### Task to complete
Write out again the lines from the line with "4. Квартникова Е.Г., Квартников" up to and including the line with "Nuestra línea de", exactly as they stand below, and skip any picture.

[Dataset items]
=======

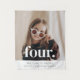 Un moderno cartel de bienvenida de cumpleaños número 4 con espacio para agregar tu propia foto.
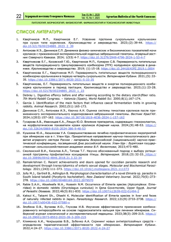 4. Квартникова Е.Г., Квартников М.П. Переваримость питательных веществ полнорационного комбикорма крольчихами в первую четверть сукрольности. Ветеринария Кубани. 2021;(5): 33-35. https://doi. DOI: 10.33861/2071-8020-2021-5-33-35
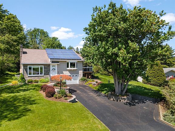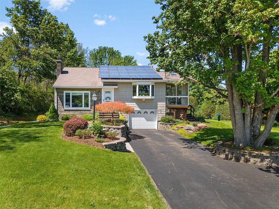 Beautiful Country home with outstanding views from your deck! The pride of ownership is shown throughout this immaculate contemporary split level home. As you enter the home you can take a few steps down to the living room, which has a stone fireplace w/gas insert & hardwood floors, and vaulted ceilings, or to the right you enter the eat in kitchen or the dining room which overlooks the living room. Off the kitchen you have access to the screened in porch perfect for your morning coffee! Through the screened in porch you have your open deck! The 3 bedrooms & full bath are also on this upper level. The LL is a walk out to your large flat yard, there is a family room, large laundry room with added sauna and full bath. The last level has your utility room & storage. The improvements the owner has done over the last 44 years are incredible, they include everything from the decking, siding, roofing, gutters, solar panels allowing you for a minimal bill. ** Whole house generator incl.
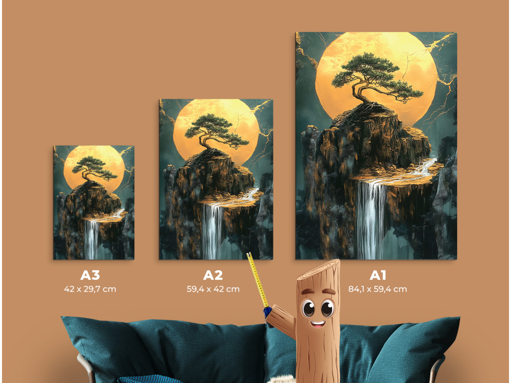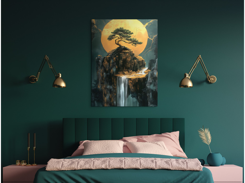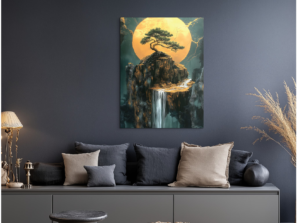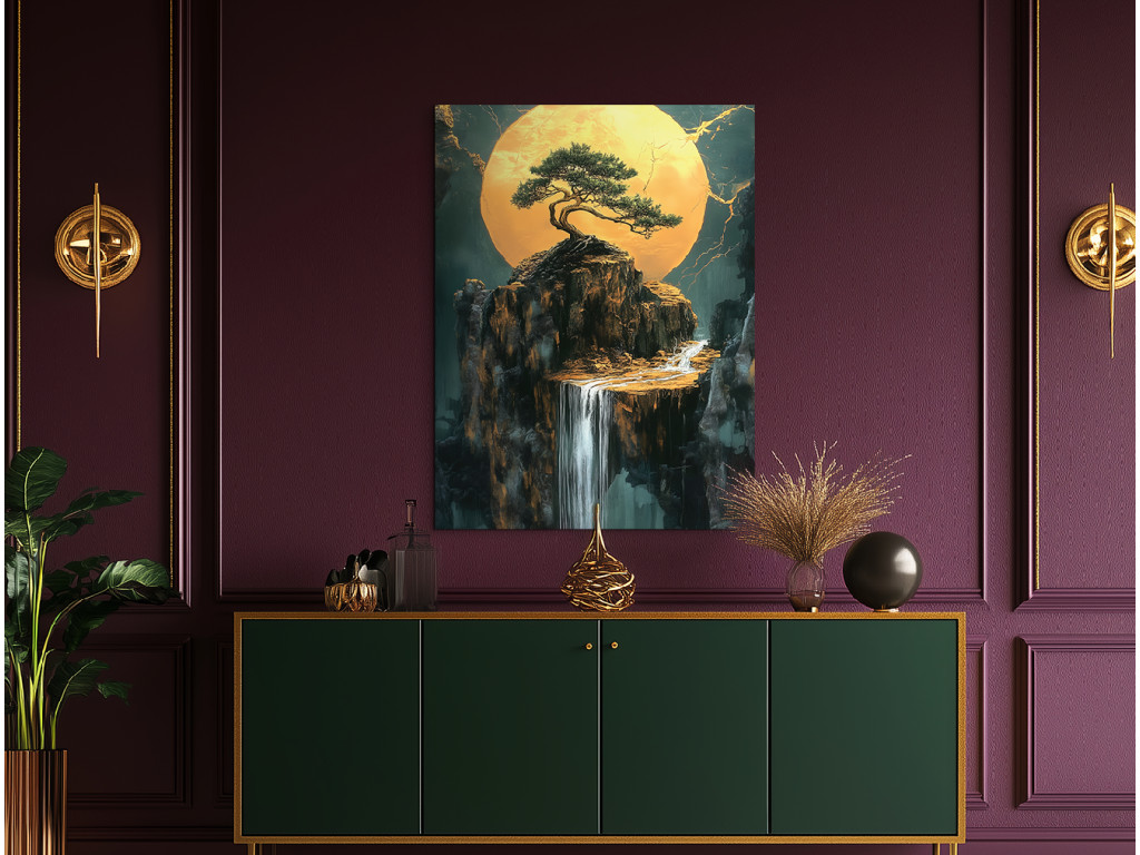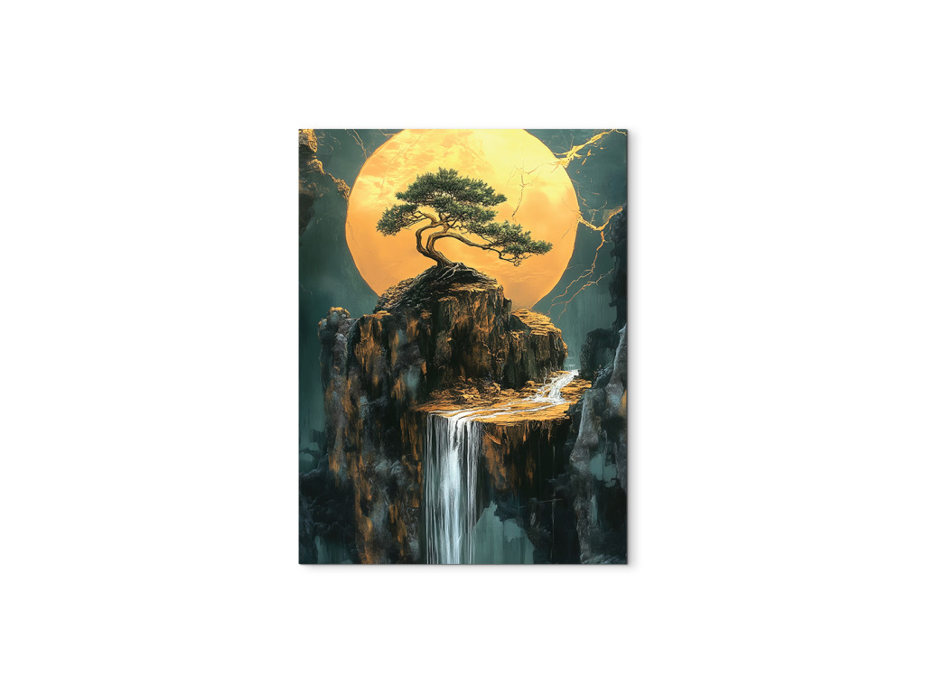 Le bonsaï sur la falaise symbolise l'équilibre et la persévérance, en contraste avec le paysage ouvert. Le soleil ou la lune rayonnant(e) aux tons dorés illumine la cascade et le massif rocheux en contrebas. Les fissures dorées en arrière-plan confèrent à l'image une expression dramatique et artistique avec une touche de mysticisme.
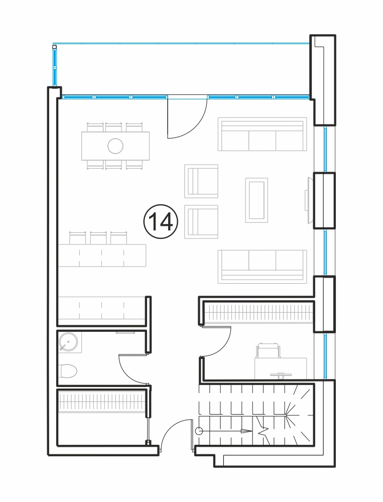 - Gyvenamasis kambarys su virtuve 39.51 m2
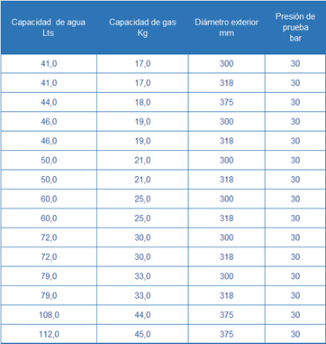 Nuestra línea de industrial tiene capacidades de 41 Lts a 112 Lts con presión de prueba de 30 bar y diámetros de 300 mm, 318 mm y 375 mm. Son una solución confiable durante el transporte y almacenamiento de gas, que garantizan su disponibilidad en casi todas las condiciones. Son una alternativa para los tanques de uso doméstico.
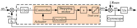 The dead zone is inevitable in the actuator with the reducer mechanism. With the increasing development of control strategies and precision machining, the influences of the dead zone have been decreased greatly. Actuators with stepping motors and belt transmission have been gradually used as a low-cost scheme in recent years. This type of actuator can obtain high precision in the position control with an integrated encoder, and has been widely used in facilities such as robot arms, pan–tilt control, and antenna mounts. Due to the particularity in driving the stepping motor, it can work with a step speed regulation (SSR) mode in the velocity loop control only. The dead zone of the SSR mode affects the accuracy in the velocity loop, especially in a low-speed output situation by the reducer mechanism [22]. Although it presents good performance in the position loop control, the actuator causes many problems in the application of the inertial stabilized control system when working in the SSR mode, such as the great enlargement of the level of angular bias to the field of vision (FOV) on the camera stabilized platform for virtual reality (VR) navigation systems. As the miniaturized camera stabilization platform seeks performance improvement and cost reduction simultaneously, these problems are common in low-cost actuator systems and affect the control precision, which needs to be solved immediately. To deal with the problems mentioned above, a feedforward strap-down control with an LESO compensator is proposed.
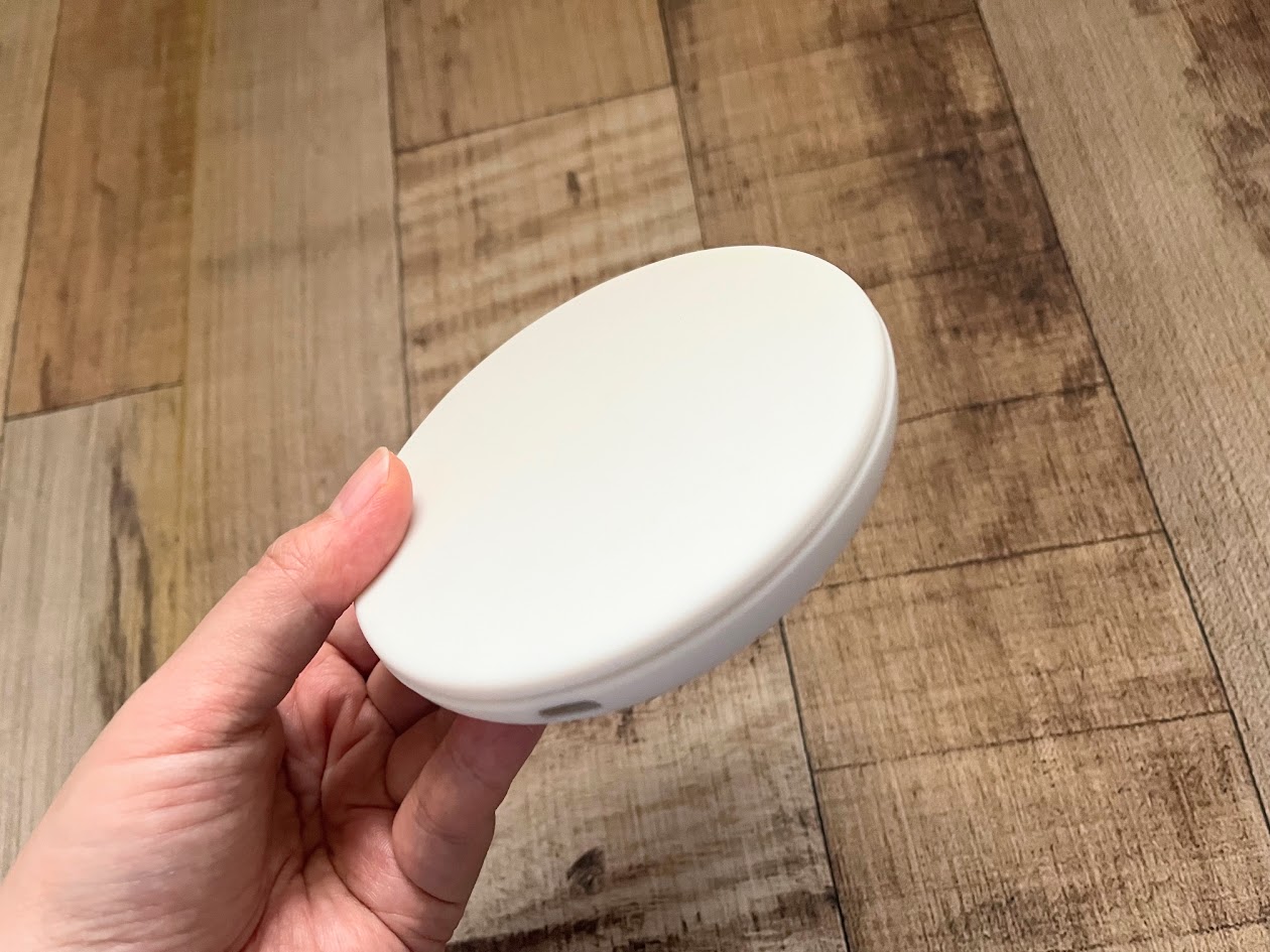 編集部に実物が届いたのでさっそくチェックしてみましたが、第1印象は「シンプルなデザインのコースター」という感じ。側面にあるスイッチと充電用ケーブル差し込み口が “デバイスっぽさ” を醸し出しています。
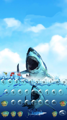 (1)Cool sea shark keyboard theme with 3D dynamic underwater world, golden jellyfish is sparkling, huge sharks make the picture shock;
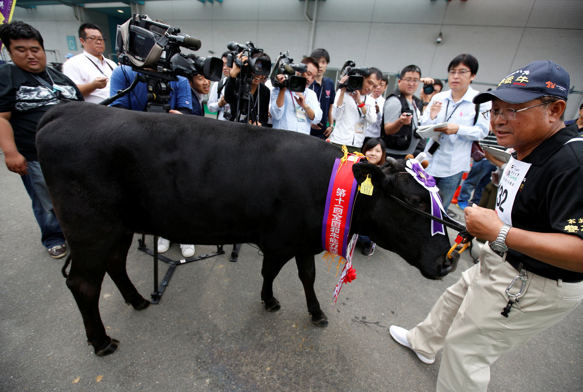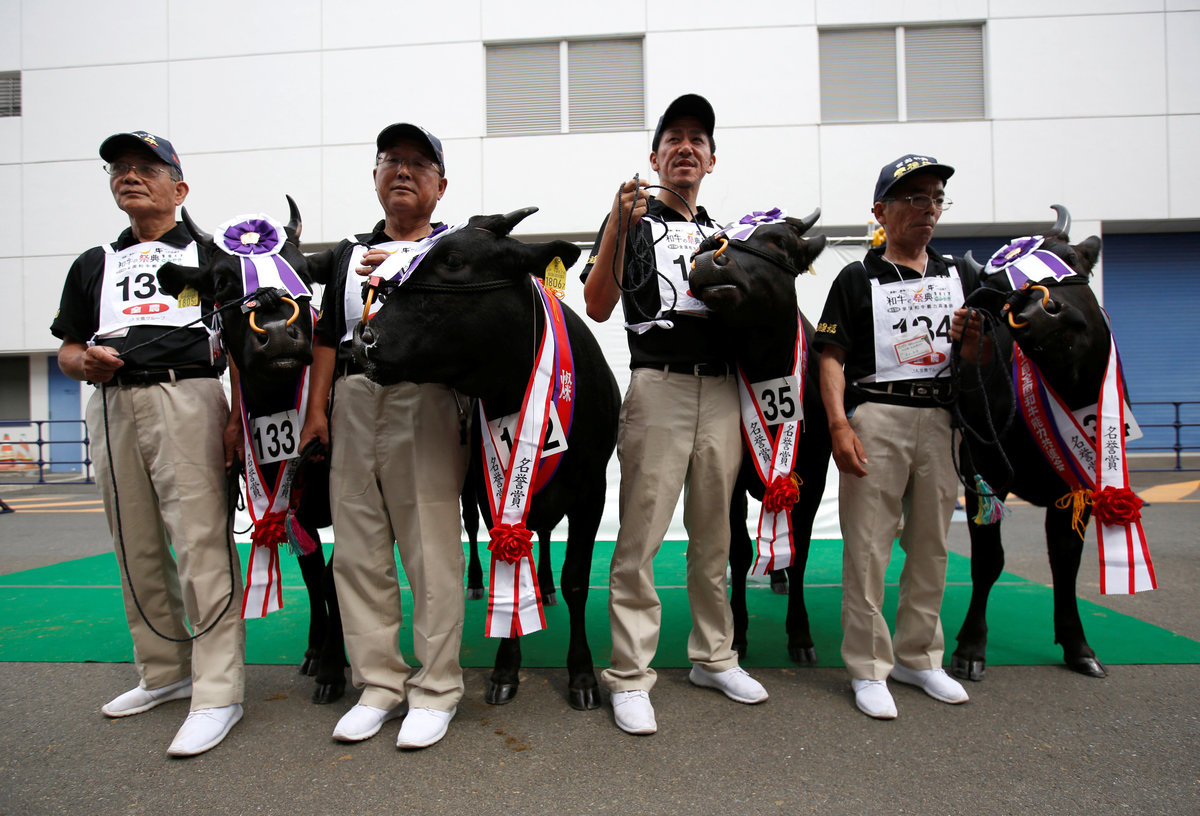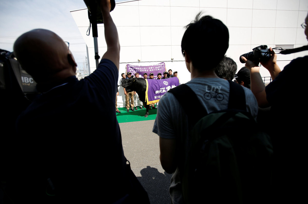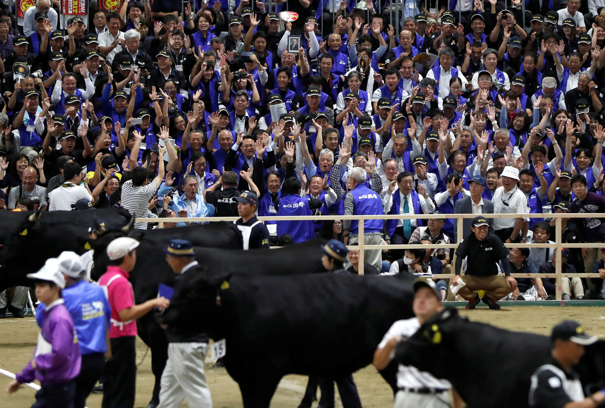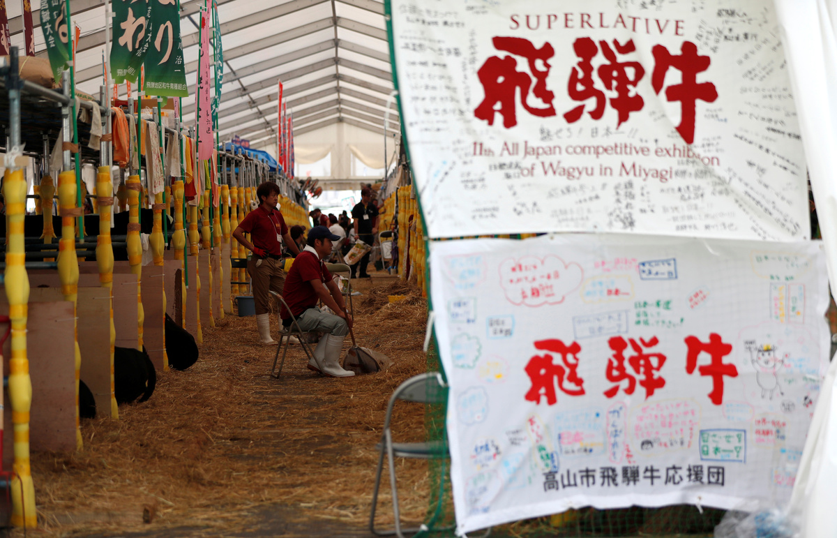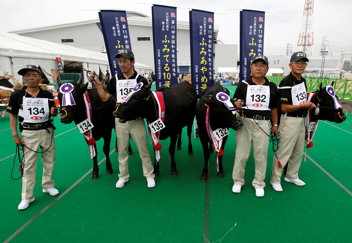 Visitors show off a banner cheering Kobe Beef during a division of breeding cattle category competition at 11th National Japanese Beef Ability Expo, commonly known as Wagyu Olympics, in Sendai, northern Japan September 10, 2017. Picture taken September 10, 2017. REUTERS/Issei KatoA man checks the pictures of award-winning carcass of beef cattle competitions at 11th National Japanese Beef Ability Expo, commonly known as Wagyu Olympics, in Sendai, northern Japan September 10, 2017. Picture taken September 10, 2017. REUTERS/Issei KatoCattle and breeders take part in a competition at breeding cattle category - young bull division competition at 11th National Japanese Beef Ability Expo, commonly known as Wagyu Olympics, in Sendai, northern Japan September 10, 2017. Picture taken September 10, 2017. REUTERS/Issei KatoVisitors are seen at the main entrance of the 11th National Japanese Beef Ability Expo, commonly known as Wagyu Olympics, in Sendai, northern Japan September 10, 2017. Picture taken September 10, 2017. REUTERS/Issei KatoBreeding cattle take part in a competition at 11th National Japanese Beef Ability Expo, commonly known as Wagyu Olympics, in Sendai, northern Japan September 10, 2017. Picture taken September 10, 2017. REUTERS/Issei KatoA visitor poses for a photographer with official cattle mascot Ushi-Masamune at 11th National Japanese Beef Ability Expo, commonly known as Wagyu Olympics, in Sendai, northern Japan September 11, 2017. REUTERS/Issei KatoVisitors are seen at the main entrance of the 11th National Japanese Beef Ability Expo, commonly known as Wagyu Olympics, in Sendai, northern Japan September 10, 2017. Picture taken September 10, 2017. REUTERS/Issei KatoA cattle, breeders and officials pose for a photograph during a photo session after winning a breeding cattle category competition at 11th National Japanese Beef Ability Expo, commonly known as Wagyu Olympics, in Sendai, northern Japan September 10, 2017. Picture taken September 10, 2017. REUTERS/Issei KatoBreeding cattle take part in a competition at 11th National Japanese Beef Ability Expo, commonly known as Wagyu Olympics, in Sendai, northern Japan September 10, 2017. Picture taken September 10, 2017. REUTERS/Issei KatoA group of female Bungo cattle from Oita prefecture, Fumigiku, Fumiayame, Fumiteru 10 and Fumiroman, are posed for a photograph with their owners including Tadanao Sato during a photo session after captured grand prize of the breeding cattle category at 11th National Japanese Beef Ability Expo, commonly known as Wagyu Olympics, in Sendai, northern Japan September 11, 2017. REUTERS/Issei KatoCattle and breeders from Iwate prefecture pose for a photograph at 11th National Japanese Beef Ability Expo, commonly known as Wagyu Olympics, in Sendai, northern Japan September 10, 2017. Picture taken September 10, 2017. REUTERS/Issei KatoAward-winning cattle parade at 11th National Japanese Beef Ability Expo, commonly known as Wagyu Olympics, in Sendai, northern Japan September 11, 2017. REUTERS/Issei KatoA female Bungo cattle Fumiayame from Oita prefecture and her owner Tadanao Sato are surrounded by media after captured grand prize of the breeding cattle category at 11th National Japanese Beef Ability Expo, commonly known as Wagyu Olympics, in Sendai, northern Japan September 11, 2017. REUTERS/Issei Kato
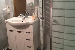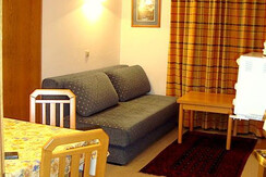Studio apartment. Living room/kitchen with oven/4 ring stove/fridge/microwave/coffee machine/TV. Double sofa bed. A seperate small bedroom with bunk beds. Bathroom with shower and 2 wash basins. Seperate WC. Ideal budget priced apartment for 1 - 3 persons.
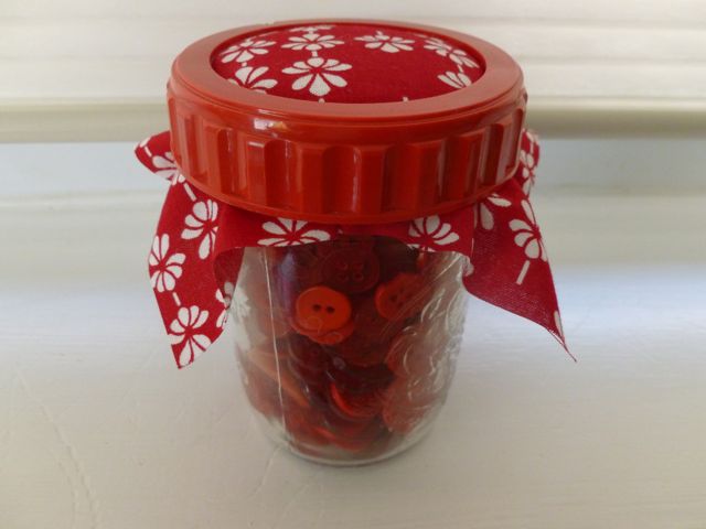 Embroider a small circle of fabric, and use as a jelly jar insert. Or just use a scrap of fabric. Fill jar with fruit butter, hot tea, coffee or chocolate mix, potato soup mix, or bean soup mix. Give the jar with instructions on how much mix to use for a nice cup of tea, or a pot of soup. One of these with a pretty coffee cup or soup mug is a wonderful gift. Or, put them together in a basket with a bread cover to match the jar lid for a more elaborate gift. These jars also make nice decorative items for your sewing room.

=======

### Task answer
 4. Квартникова Е.Г., Квартников М.П. Переваримость питательных веществ полнорационного комбикорма крольчихами в первую четверть сукрольности. Ветеринария Кубани. 2021;(5): 33-35. https://doi. DOI: 10.33861/2071-8020-2021-5-33-35
 Beautiful Country home with outstanding views from your deck! The pride of ownership is shown throughout this immaculate contemporary split level home. As you enter the home you can take a few steps down to the living room, which has a stone fireplace w/gas insert & hardwood floors, and vaulted ceilings, or to the right you enter the eat in kitchen or the dining room which overlooks the living room. Off the kitchen you have access to the screened in porch perfect for your morning coffee! Through the screened in porch you have your open deck! The 3 bedrooms & full bath are also on this upper level. The LL is a walk out to your large flat yard, there is a family room, large laundry room with added sauna and full bath. The last level has your utility room & storage. The improvements the owner has done over the last 44 years are incredible, they include everything from the decking, siding, roofing, gutters, solar panels allowing you for a minimal bill. ** Whole house generator incl.
 Le bonsaï sur la falaise symbolise l'équilibre et la persévérance, en contraste avec le paysage ouvert. Le soleil ou la lune rayonnant(e) aux tons dorés illumine la cascade et le massif rocheux en contrebas. Les fissures dorées en arrière-plan confèrent à l'image une expression dramatique et artistique avec une touche de mysticisme.
 - Gyvenamasis kambarys su virtuve 39.51 m2
 Nuestra línea de industrial tiene capacidades de 41 Lts a 112 Lts con presión de prueba de 30 bar y diámetros de 300 mm, 318 mm y 375 mm. Son una solución confiable durante el transporte y almacenamiento de gas, que garantizan su disponibilidad en casi todas las condiciones. Son una alternativa para los tanques de uso doméstico.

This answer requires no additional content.